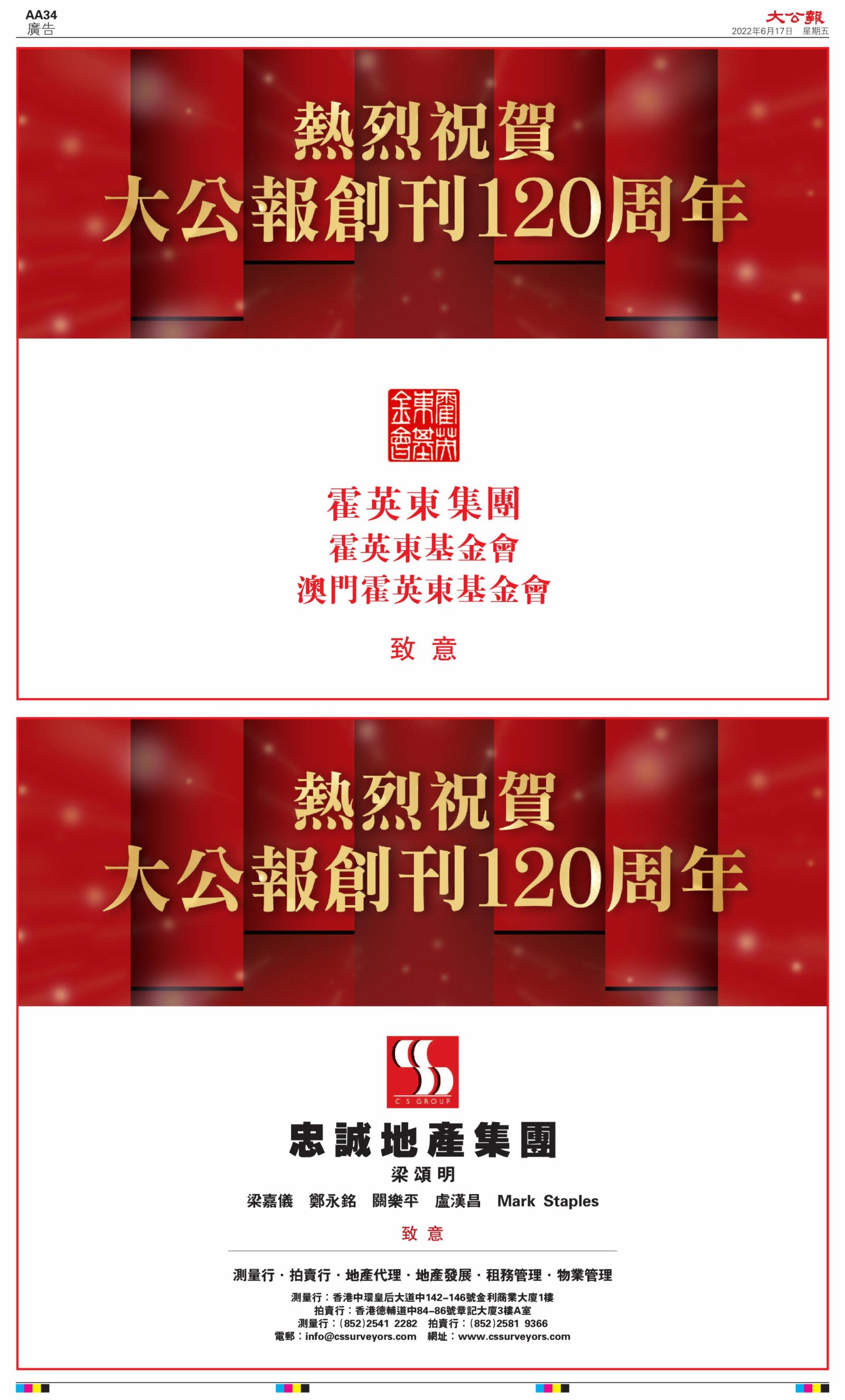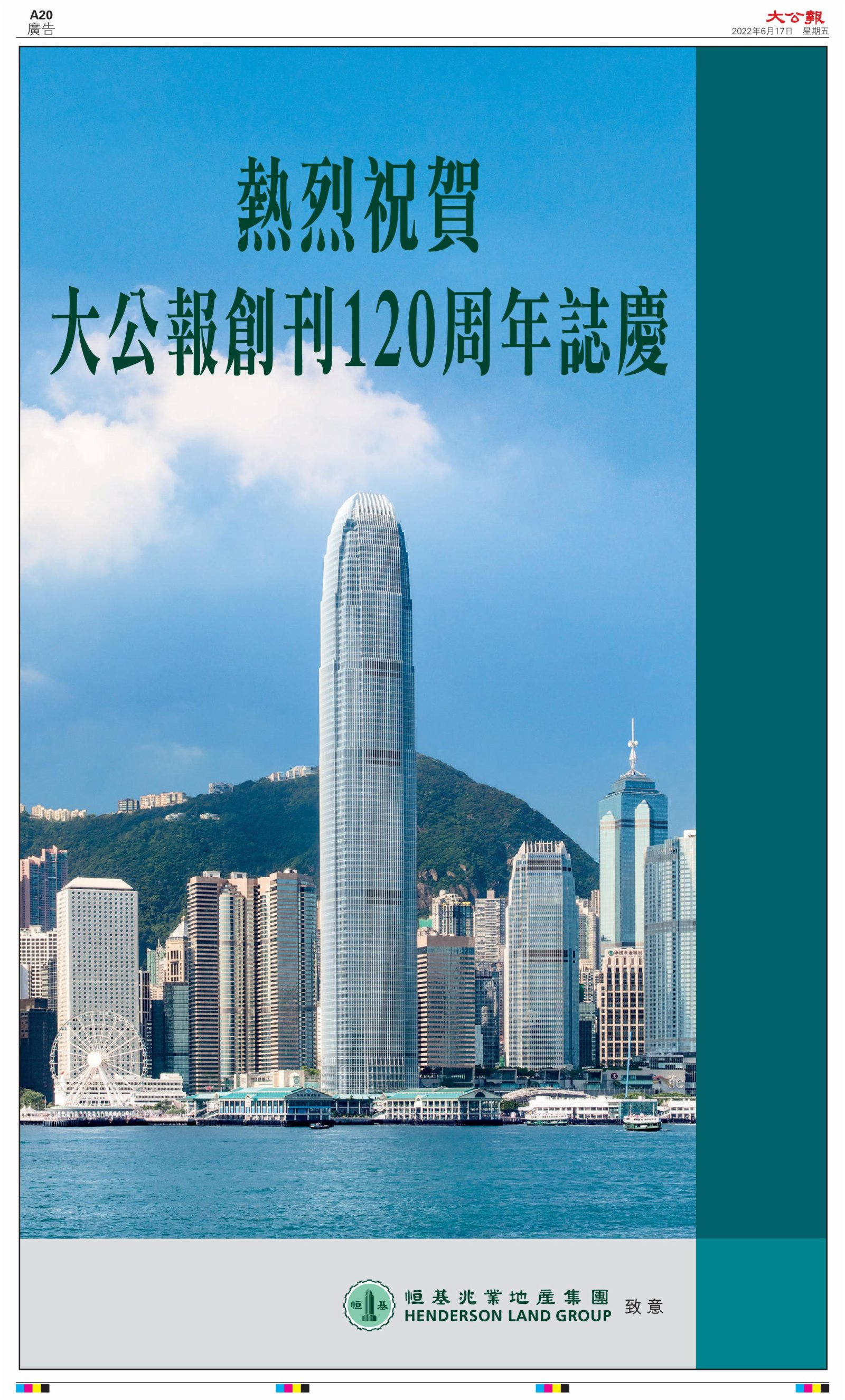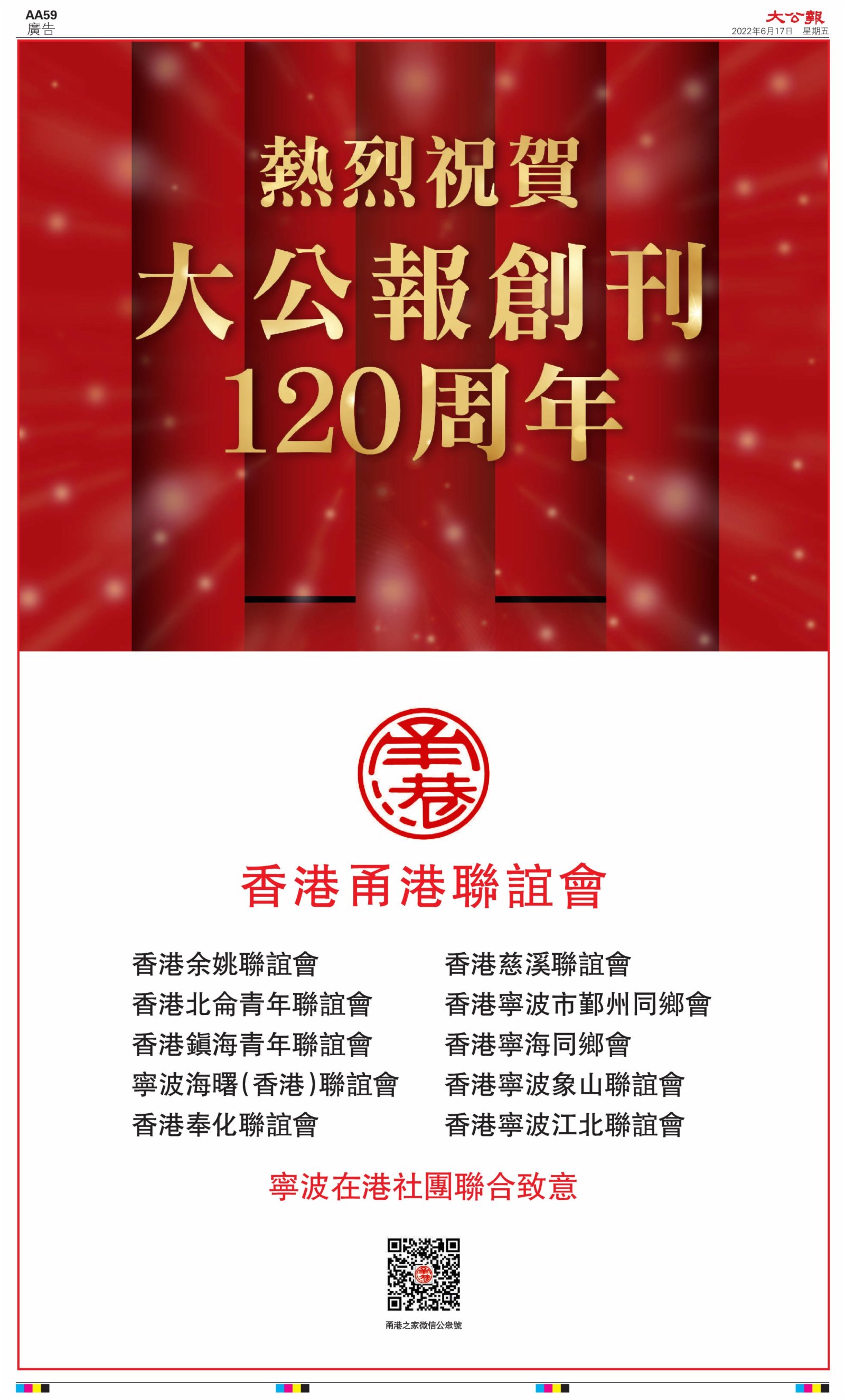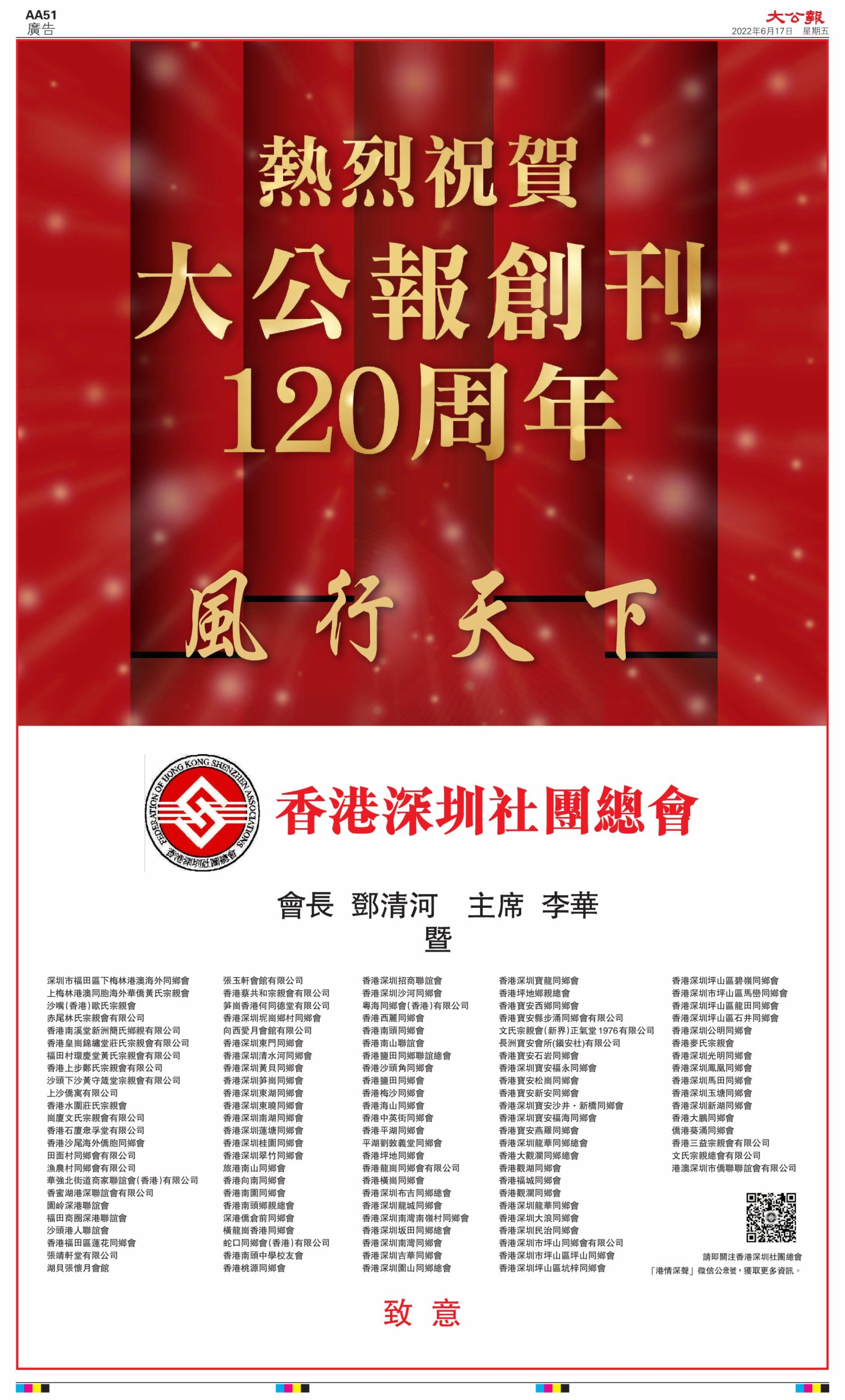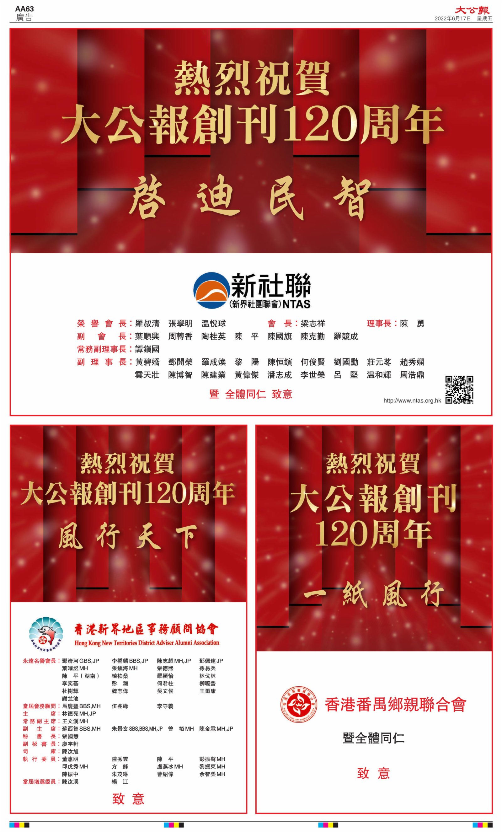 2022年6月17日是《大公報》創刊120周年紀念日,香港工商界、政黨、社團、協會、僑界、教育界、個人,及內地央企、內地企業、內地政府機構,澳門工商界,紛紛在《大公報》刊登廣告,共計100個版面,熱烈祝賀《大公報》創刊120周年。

* * *

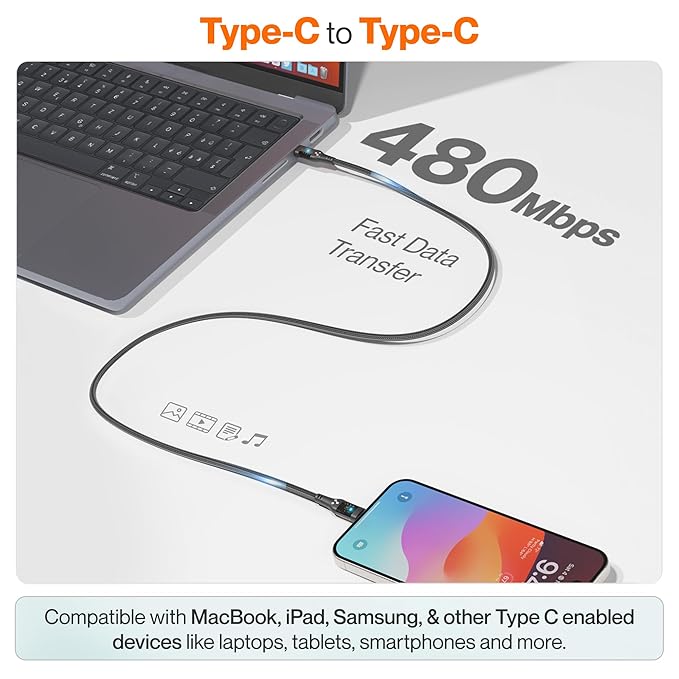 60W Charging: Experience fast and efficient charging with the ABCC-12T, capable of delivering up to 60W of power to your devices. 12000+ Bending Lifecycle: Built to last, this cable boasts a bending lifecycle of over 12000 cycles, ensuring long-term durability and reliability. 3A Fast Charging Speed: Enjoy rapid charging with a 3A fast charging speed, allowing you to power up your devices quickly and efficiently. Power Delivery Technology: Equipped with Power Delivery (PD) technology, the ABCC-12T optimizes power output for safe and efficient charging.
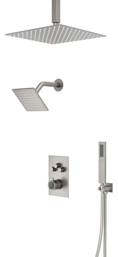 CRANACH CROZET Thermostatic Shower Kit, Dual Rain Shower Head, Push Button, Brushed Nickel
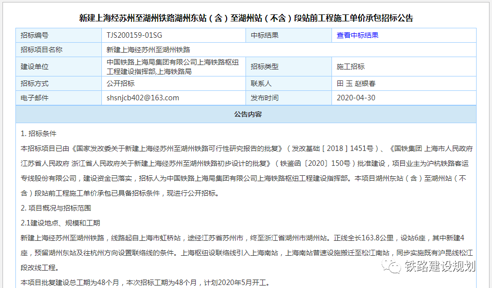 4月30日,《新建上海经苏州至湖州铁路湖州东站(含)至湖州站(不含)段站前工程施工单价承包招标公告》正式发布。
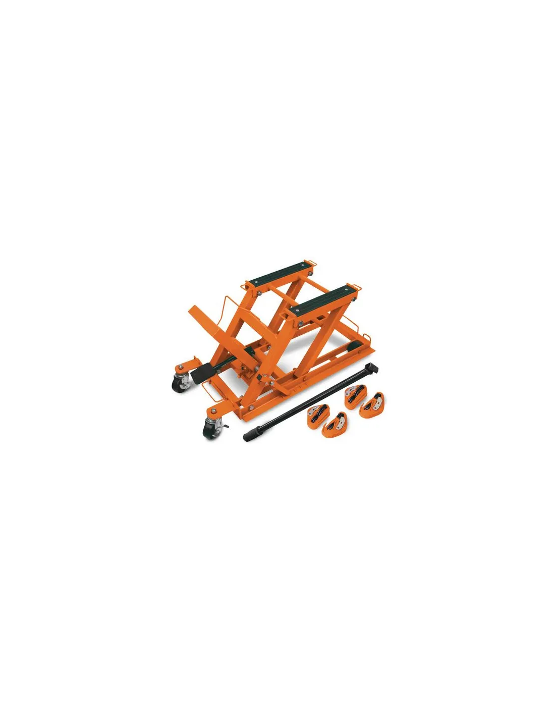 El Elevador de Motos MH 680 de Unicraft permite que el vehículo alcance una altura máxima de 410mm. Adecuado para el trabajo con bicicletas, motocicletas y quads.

==

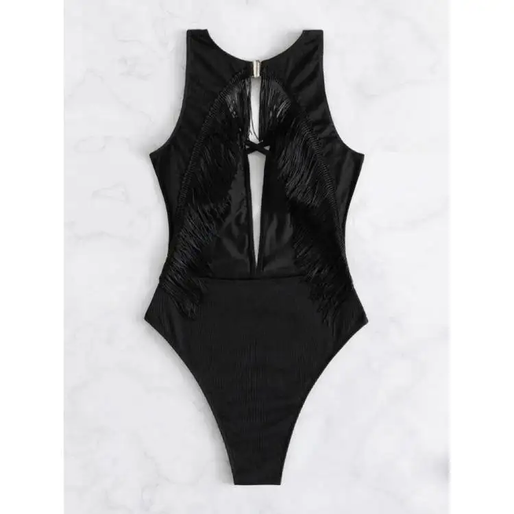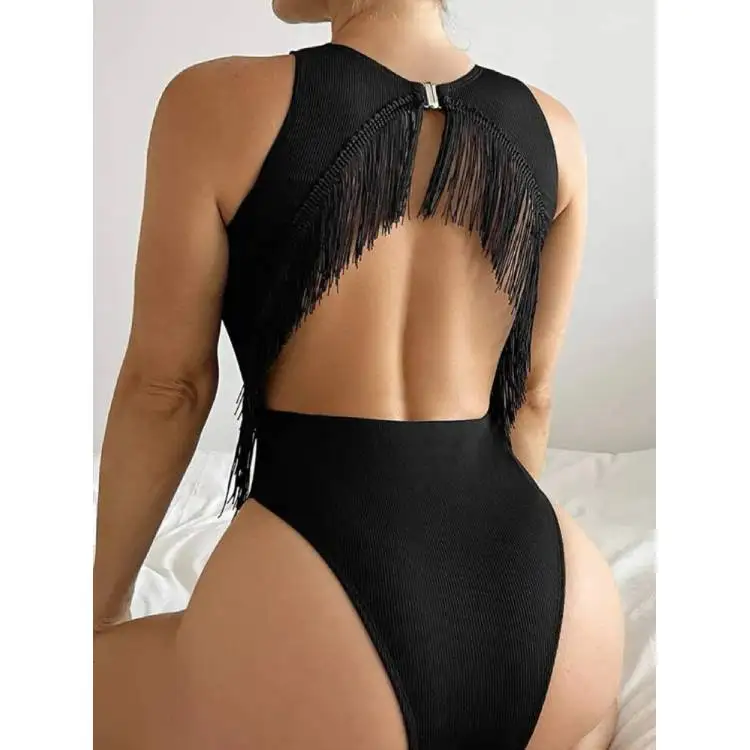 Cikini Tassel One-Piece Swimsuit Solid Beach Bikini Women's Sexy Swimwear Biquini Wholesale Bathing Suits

• [Your objective]: Find the line with "4月30日,《新建上海经苏州" and the line with "El Elevador de" in the records above. Copy both and all lines between them exactly, without pictures.

• [Response to the exercise]:
 4月30日,《新建上海经苏州至湖州铁路湖州东站(含)至湖州站(不含)段站前工程施工单价承包招标公告》正式发布。
 El Elevador de Motos MH 680 de Unicraft permite que el vehículo alcance una altura máxima de 410mm. Adecuado para el trabajo con bicicletas, motocicletas y quads.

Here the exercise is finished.